Il Mammuthus meridionalis era erbivoro e si cibava soprattutto di dure piante

erbacee. Gli adulti di questa specie erano praticamente invulnerabili agli attacchi

dei predatori, mentre erano molto più esposti i piccoli.

Probabilmente Mammuthus meridionalis non era un mammifero particolarmente

specializzato e viveva quindi in molti tipi di ambienti, quali radure, savane e

foreste: per questo tale proboscidato non è da considerare come un buon

indicatore paleoambientale. Probabilmente era stenotermo e stenoidrico: gli

ambienti che ospitavano Mammuthus meridionalis non dovevano presentare

grandi escursoni termiche e dovevano fornire una buona e continua quantità

d‟acqua.

Paleobiogeografia

Resti fossili di Mammuthus meridionalis sono stati rinvenuti in tutta Europa, dalla

Spagna alla Romania, dall‟UK all‟Italia. Altri fossili provengono dall‟Asia e

dall‟America settentrionale: probabilmente il Mammuthus meridionalis l‟avrebbe

raggiunta attraverso lo Stretto di Bering.

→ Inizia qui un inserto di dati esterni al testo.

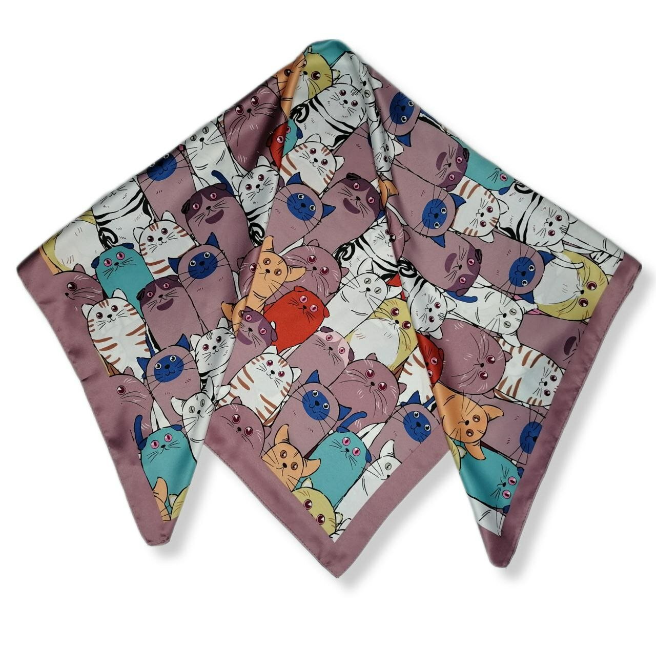 Платок коты, котики атлас / Платок на голову / Шейный платок / Платок на сумку / Косынка на пляж
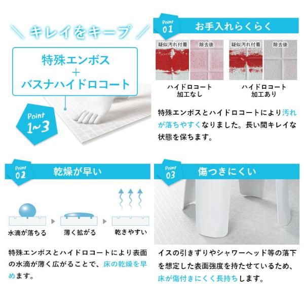 また、安心・安全・清潔をキーワードに開発した特殊エンボス加工により素足での防滑性と水はけ性を実現しました。
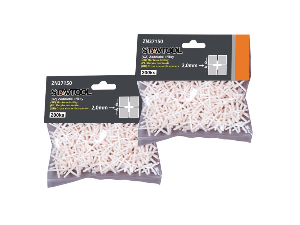 › Stavba › Ostatní stavební nářadí › Klínky, křížky, skoby, olovnice, spony › STAVTOOL Plastové křížky | 4 mm, 1bal/100ks
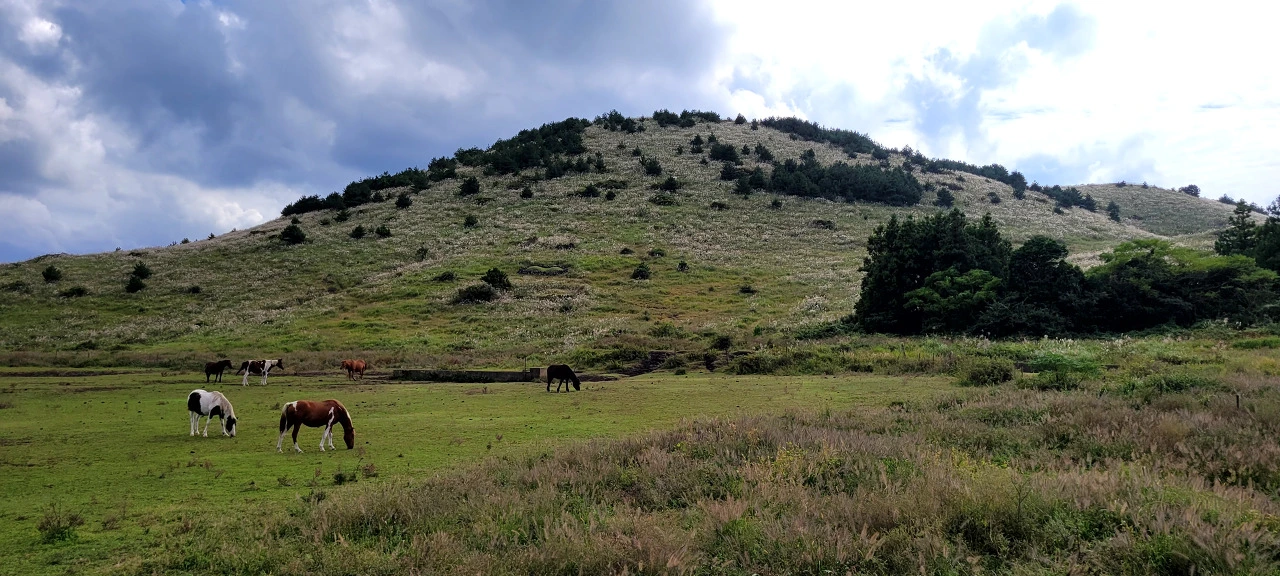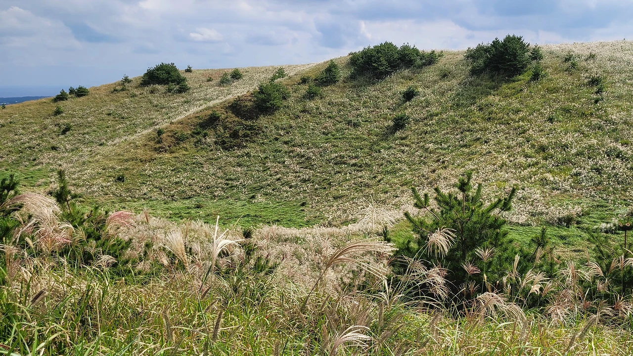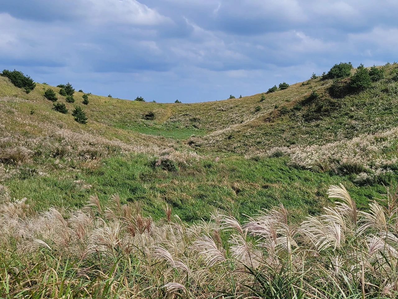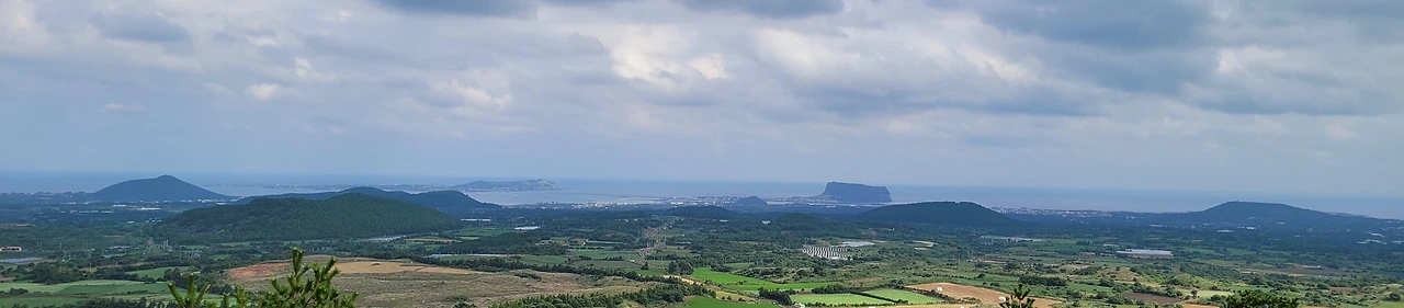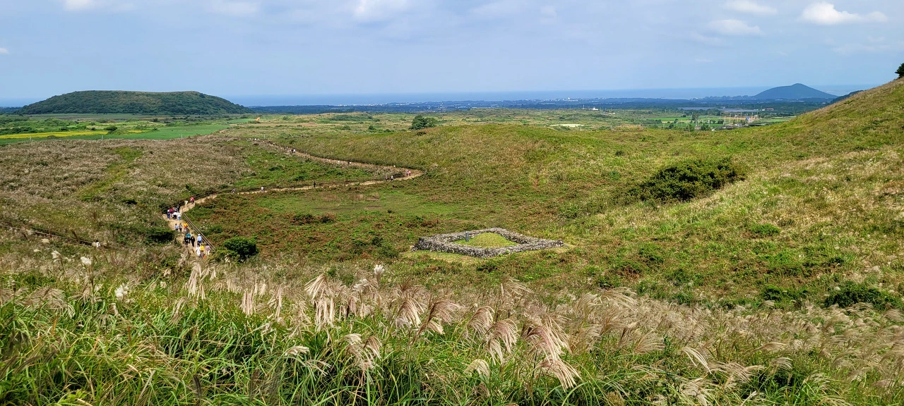 정상에 올라 움푹 파인 굼부리를 가운데 놓고 한 바퀴 돌던 둘레길은 막혔다. 북쪽 반만 개방했다. 남쪽 봉우리로 이어지는 굼부리 능선은 갈 수 없지만, 제주 동부지역의 오름 군락과 고즈넉한 제주 중산간 풍경을 감상할 수 있다.
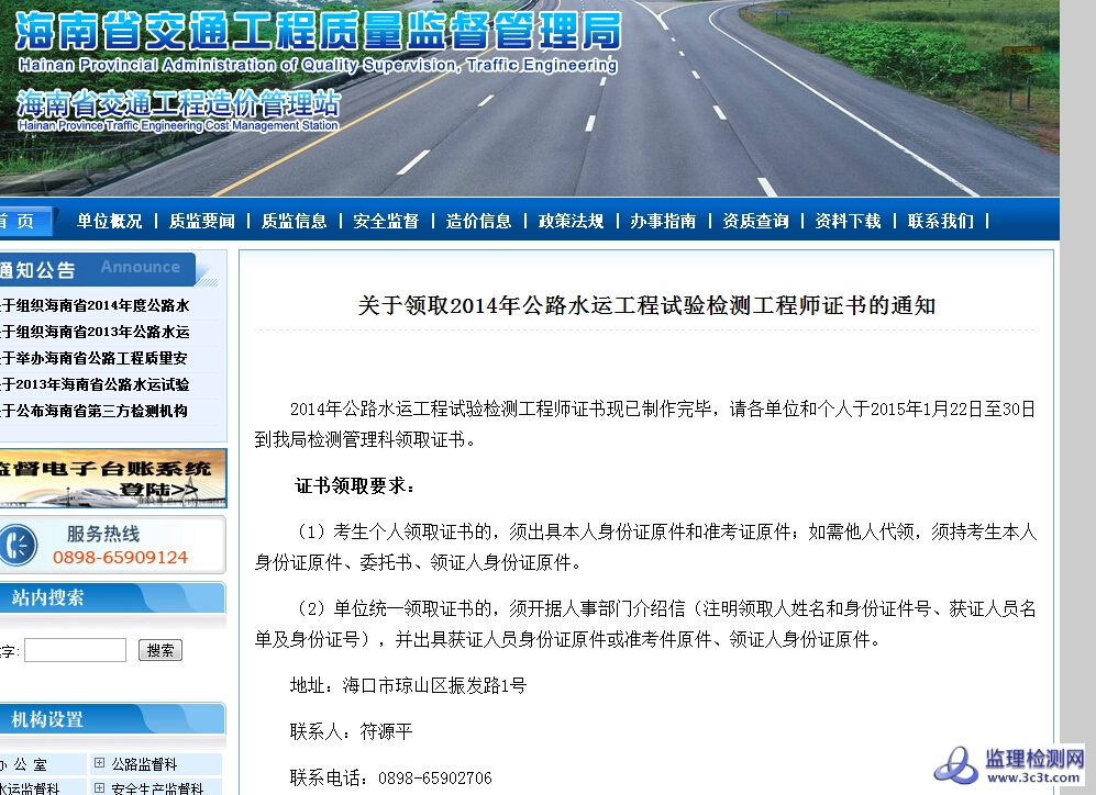 2014年公路水运工程试验检测工程师证书现已制作完毕,请各单位和个人于2015年1月22日至30日到我局检测管理科领取证书。

Mammuthus meridionalis o Archidiskodon meridionalis?

Il genere Archidiskodon fu istituito nel 1885 da POHLING, sulla base di alcuni

fossili rinvenuti a nord dell‟Himalaya e su Archidiskodon meridionalis (NESTI,

1825).

Verso la seconda metà del „900, alcuni paleontologi, quali MAGLIO (1973), non

riconobbero la validità di Archidiskodon, considerandolo un sinonimo di

Mammuthus. Ciò comportò il decadimento di Archidiskodon meridionalis (ora

noto come Mammuthus meridionalis) e l‟anticipazione della linea evolutiva del

Mammuthus a 4,5 milioni di anni fa, documentata in alcuni siti africani dai fossili

di Mammuthus africanavus. Altri paleontologi quali GARUTT (1998)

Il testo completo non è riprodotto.